EXERCISE DESCRIPTION:
Your output consists solely of the lines from the one that contains "総会には各町内会の令和3年度" to the end of the material, each reproduced exactly; pictures do not belong in it.

GIVEN DATA:
*** Block opens ***
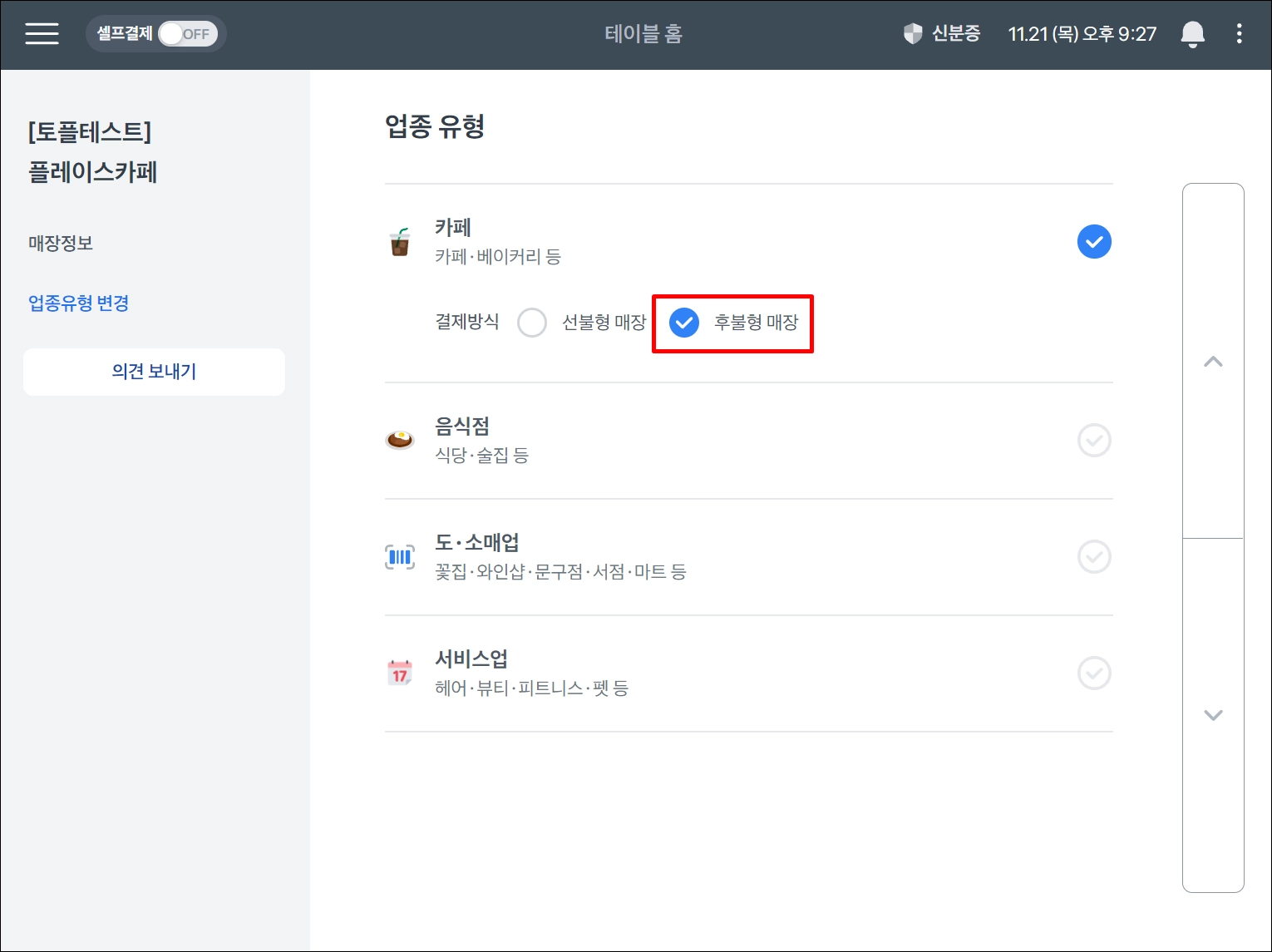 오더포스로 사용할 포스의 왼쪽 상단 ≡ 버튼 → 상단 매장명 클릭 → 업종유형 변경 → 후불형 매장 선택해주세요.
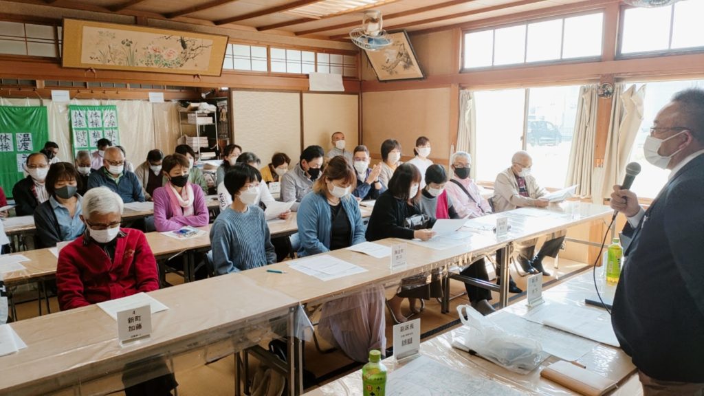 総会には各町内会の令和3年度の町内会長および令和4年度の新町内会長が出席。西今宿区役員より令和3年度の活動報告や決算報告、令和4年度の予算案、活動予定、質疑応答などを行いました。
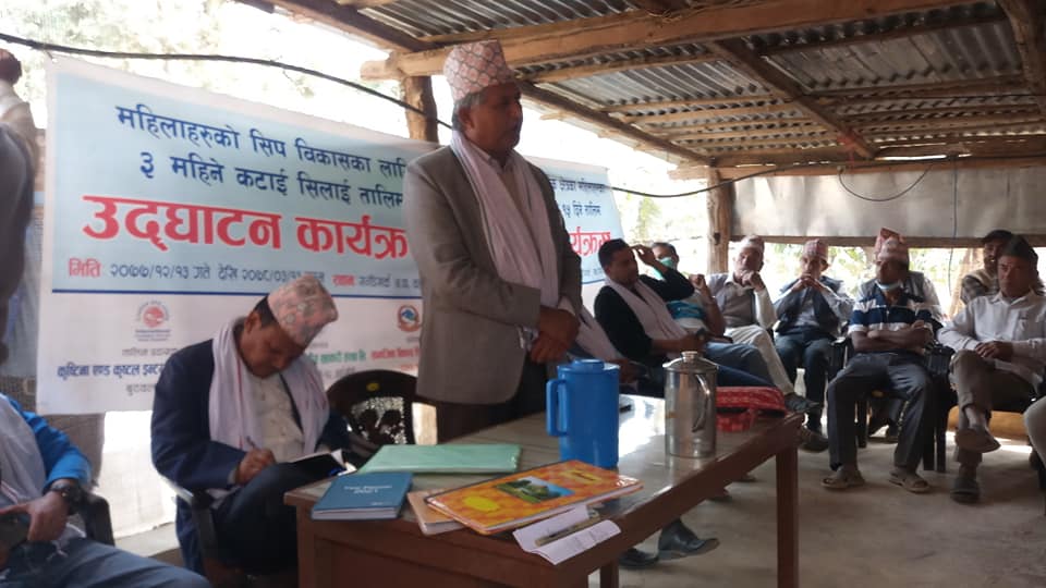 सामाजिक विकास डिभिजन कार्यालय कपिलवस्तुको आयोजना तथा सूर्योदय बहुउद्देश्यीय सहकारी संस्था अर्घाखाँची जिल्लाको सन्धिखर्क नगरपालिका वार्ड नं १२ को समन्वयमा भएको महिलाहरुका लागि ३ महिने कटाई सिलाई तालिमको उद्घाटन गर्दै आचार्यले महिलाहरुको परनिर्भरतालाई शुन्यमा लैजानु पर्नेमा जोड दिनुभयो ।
*** Block closes ***
SOLUTION FOR THIS PROBLEM:
 総会には各町内会の令和3年度の町内会長および令和4年度の新町内会長が出席。西今宿区役員より令和3年度の活動報告や決算報告、令和4年度の予算案、活動予定、質疑応答などを行いました。
 सामाजिक विकास डिभिजन कार्यालय कपिलवस्तुको आयोजना तथा सूर्योदय बहुउद्देश्यीय सहकारी संस्था अर्घाखाँची जिल्लाको सन्धिखर्क नगरपालिका वार्ड नं १२ को समन्वयमा भएको महिलाहरुका लागि ३ महिने कटाई सिलाई तालिमको उद्घाटन गर्दै आचार्यले महिलाहरुको परनिर्भरतालाई शुन्यमा लैजानु पर्नेमा जोड दिनुभयो ।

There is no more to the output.